Summary
holding that merely giving notice that a particular use of property is illegal does not amount to a deprivation of a property interest
Summary of this case from Dubuc v. Township of Green OakOpinion
No. 09-4054.
Argued: July 29, 2010.
Decided and Filed: August 20, 2010.
Appeal from the United States District Court for the Northern District of Ohio, James G. Carr, Chief Judge.
Before KENNEDY, ROGERS, and KETHLEDGE, Circuit Judges.
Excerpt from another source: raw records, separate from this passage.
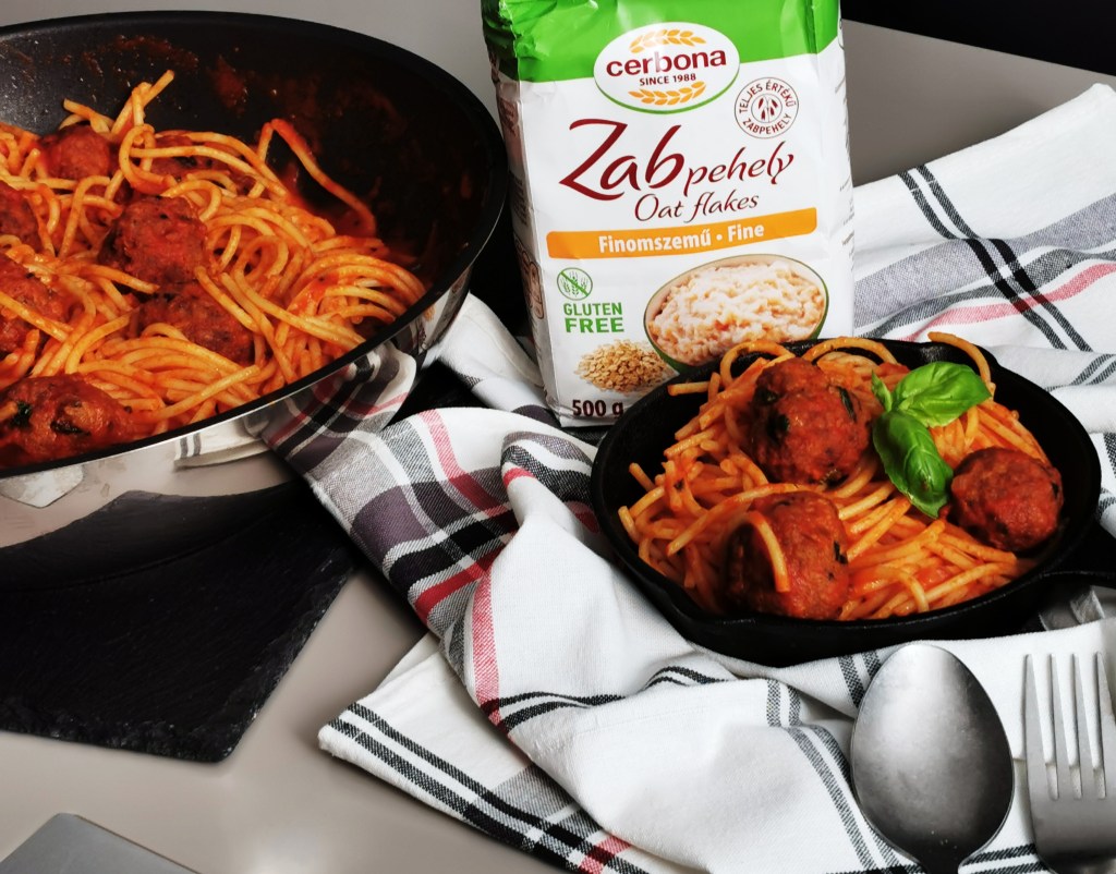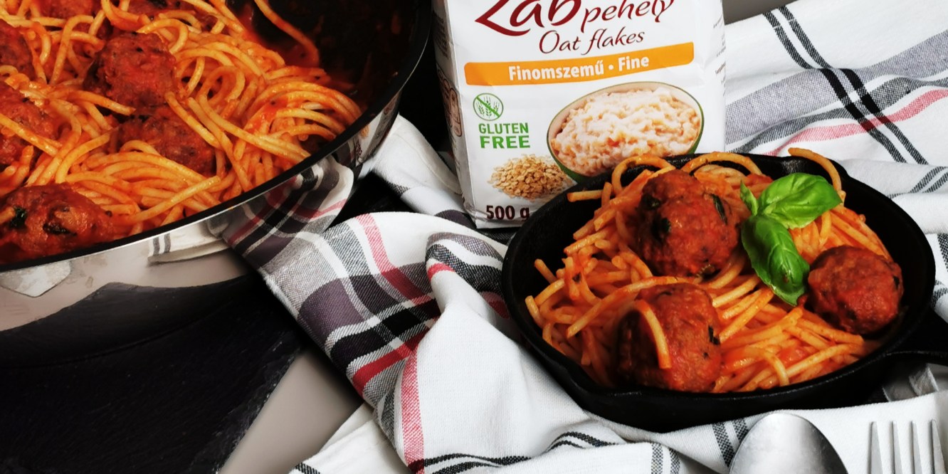 Nálunk a család egyik kedvenc étele ez a paradicsom szószos spagetti húsgombócokkal. A húsgombócokba a darát hús mellé gluténmentes zabpelyhet szoktam tenni az áztatott kenyér, zsemle helyett. Ezzel a módszerrel készíthetünk nyugodtan hagyományos fasírtot is.
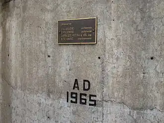 In June and July 1966, the bodies were exhumed from the cathedral crypt. While the identification of the bishops' graves was easy, the other bodies were more difficult to identify. In the end, only five out of the 45 bodies buried since 1850 could be identified.[5] The bodies were moved and buried in the late summer of 1966. The bodies of the four bishops were placed in the funerary monument and the other remains in the surrounding area. The mausoleum was inaugurated that summer by Most Rev. Georges-Léon Pelletier.[6]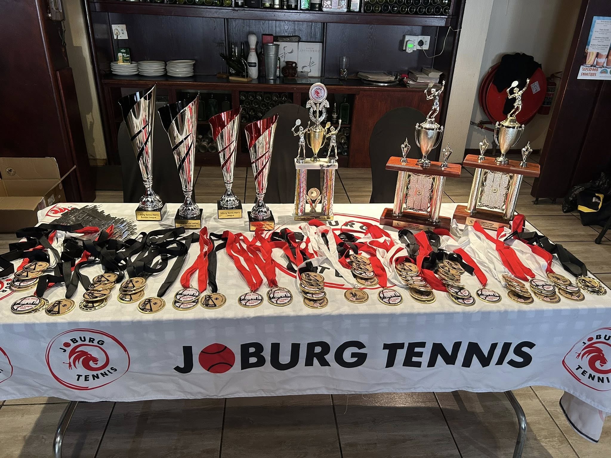 Joburg Tennis held a club council meeting on the 12th of April. These meetings keep clubs in the loop with what is happening in the district and also allow the clubs a chance to engage with the committee and share ideas. It was also decided to use this meeting as an opportunity to hand out the medals and floating trophies to the clubs who had won their leagues. Each club also received a medal hanger to put up in their club house to display their medals. Well done to all teams who have emerged victorious.

ARGUED: Robert H. Eddy, Gallagher Sharp, Toledo, Ohio, for Appellants. Sarah K. Skow, Cooper Walinski, L.P.A., Toledo, Ohio, for Appellees. ON BRIEF: Robert H. Eddy, Gallagher Sharp, Toledo, Ohio, for Appellants. Sarah K. Skow, Cary Rodman Cooper, Cooper Walinski, L.P.A., Toledo, Ohio, for Appellees.
OPINION
Dr. Fadhil Hussein and his wife, Raya Ahmed, endured a lengthy dispute with local zoning authorities after their builder failed to adhere to a number of zoning ordinances in the course of constructing the Husseins' home. In June 2006, the zoning authorities issued a "stop work" order, but as winter approached, Hussein sought to have a temporary layer of asphalt installed on top of his otherwise-gravel driveway. He alleges that the zoning authorities gave oral permission for this installation. Nevertheless, while the subcontractor was installing the asphalt layer, the city inspector arrived with two policemen and threatened to take the subcontractor to court unless the subcontractor ceased the asphalt installation and removed what asphalt had already been laid down. The Husseins allege that this action violated their substantive and procedural due process rights. Because the city inspector only threatened litigation rather than removing the asphalt, the Husseins' rights were not violated and the defendants — the city inspector and his direct superior — are entitled to qualified immunity.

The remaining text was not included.